Taken Out of Context: Walls on RISD's Walls

I’ve always felt a personal connection to murals. From the streets of Southern California to the entryway of my childhood home, the art form was everywhere growing up. It was the first medium of visual art that I interacted with and thought was beautiful. 

Murals capture and represent a moment in time. They can be made for a number of reasons, from the personal to the political. And unlike artwork typically found in a museum, one does not need to enter into a space to see them. However, although they are accessible, they are also quite vulnerable. Almost paradoxically, because murals are attached to buildings and the built environment, it is easy for them to be altered or destroyed.

Left: Unknown (Chinese), Fragment from a Mural, 1500s-1600s. Gift of Mr. Cornelius Ruxton Love 51.559. Right: Unknown (Roman), Fragment of a wall depicting a candelabrum, 14-37 CE. Mary B. Jackson Fund 41.019

So when I saw these murals from China and Pompeii hanging on the walls of the RISD Museum, I was taken aback. Museums allow visitors to learn about different parts of the world that they otherwise wouldn’t have access to. However, in both cases, in order to share part of a story with the people of Providence, the full stories of these murals has been permanently lost.

For example, we know that this Ming Dynasty mural depicts Magu, a Daoist immortal seen as a protector of life and women. But what was happening around Magu? Who else would have been around her and how would they have been portrayed? 

This same thought experiment can be applied to the wall fragment from Pompeii. Although we know that the wall was most likely found in a dining room, where in the dining room was it? This fragment depicts a candelabrum; were there other candelabra throughout the rest of the room? 

Visitors can learn so much from having these pieces in RISD’s collections. And yet, we also know so little. 

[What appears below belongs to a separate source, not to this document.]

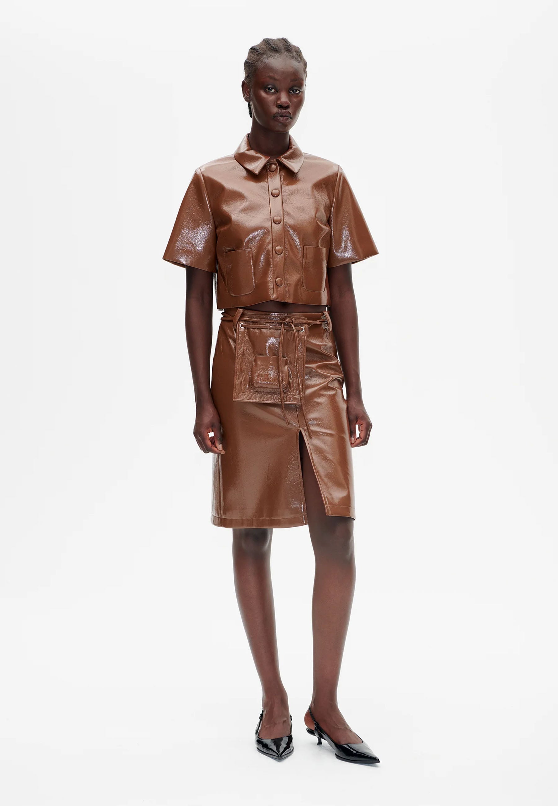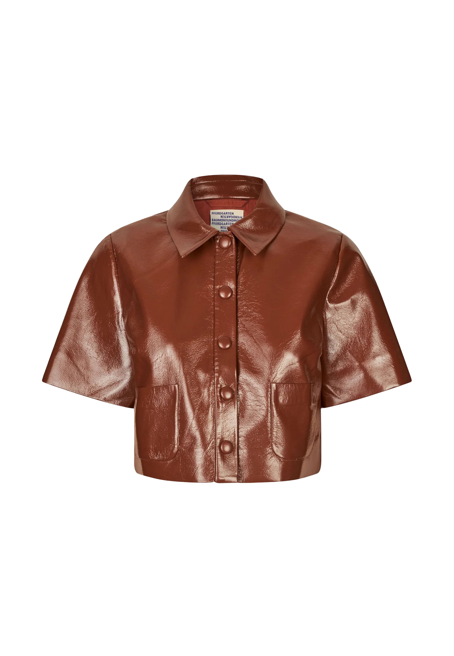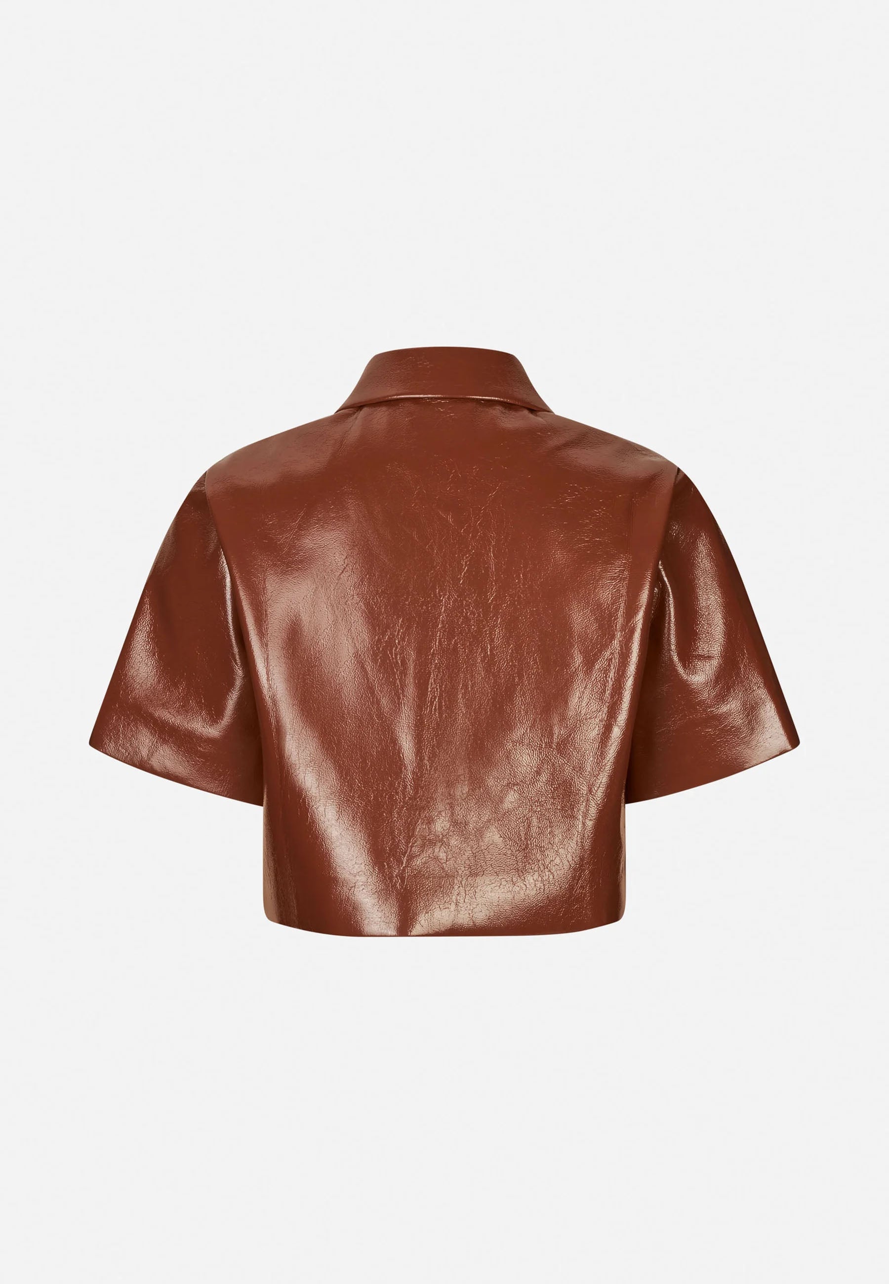 Die Jacke Beth ist eine Kurzjacke in Lackoptik, die jedem Outfit einen glänzenden, ausgefallenen Touch verleiht. Mit klassischem Kragen und Druckknopfverschluss auf der Vorderseite verbindet es zeitloses Design mit einem modernem, modischem Anspru
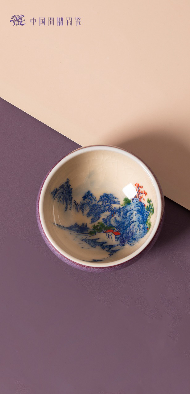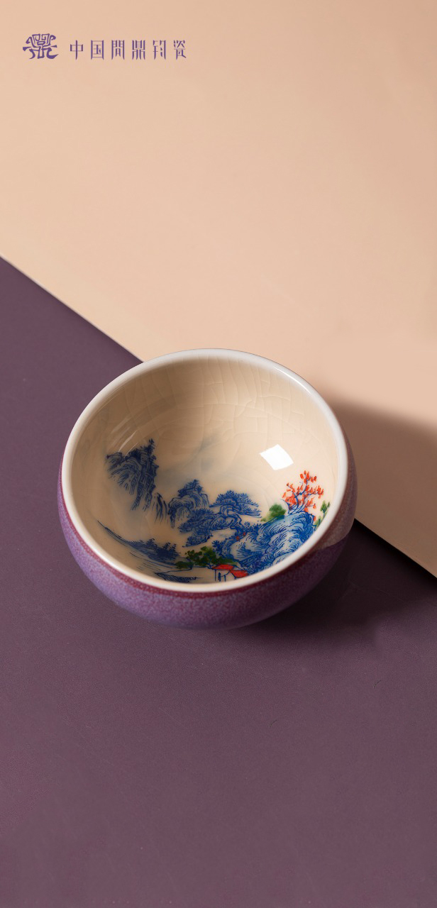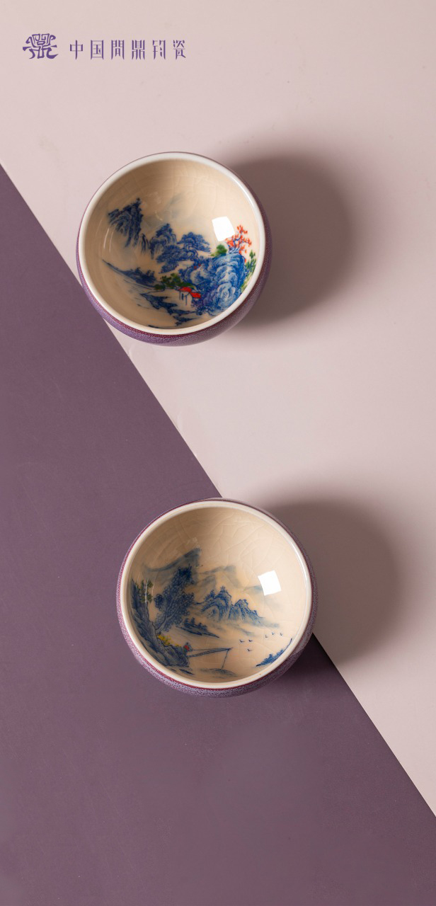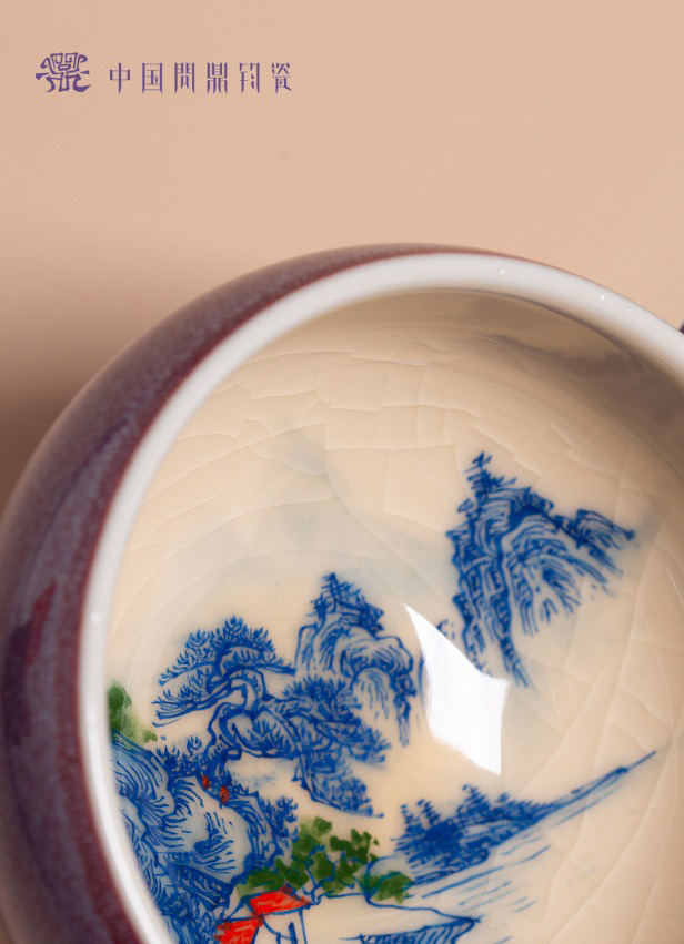 问鼎钧瓷鹅黄青花平口杯(早秋山居)

In many ways, murals remind me of tattoos– a permanent piece of art that can say something about both the person who created it and the person who wears it. Tattoos, like murals, have the ability to tell a story.

For example, one of my tattoos features a feather landing softly on water with a small halo around it. Meant to symbolize that in my darkest moments, my family always managed to catch me and help me land more gracefully than I ever could alone, the tattoo reminds me to keep going. Every part of my tattoo is necessary. As such, if I were to remove any part of it (as I have shown below with the help of Photoshop), the context of it would shift. 

When I remove the water from the bottom of the tattoo, it seems as though the feather is in free fall. There is no graceful landing–instead there is an anxious energy to it.

If I remove the feather, the story of the tattoo seems to disappear with it. It is unclear why there is water or a halo and the tattoo seems to be empty rather than full of meaning.

When the halo is removed, the uniqueness of the moment is lost. To have a family who stands behind you is a precious and rare gift. Without the halo, the tattoo, and the meaning behind it, becomes less special.

My tattoo as it looked on the day that I got it. It has three main elements: a feather, a halo, and water.

Although my tattoo may not hold the same amount of cultural significance as the pieces in RISD’s collection, this thought experiment helps show how meaning is lost when only parts of a work are removed. 

The fragments in the collection represent a period of collecting that was not too long ago. Although the RISD Museum acquired the works through legal avenues that are consistent with contemporary museum collecting processes, murals like these were brought to the United States by Western-centric archeologists in the late 1800s andearly 1900s who had little regard and respect for cultures outside of their own. To them, these wall fragments were little more than mementos, pieces that caught their eye that could be easily excavated. And because it is unclear exactly where these pieces came from (which temple? Which dining room?), visitors to the museum will never be able to fully and properly understand the works. 

Although these works’ past is rather sobering, their futures are not. Museums work continually to recontextualize the art in their collection, and the RISD Museum is no exception. There are many possibilities for additions to these murals’ incomplete story, from updated wall texts to artist interventions.

 

Aubrey Beam was the 2022 Mellon Summer Intern in Contemporary Art. Aubrey is a second-year master’s student at Tufts University studying art history and museum studies.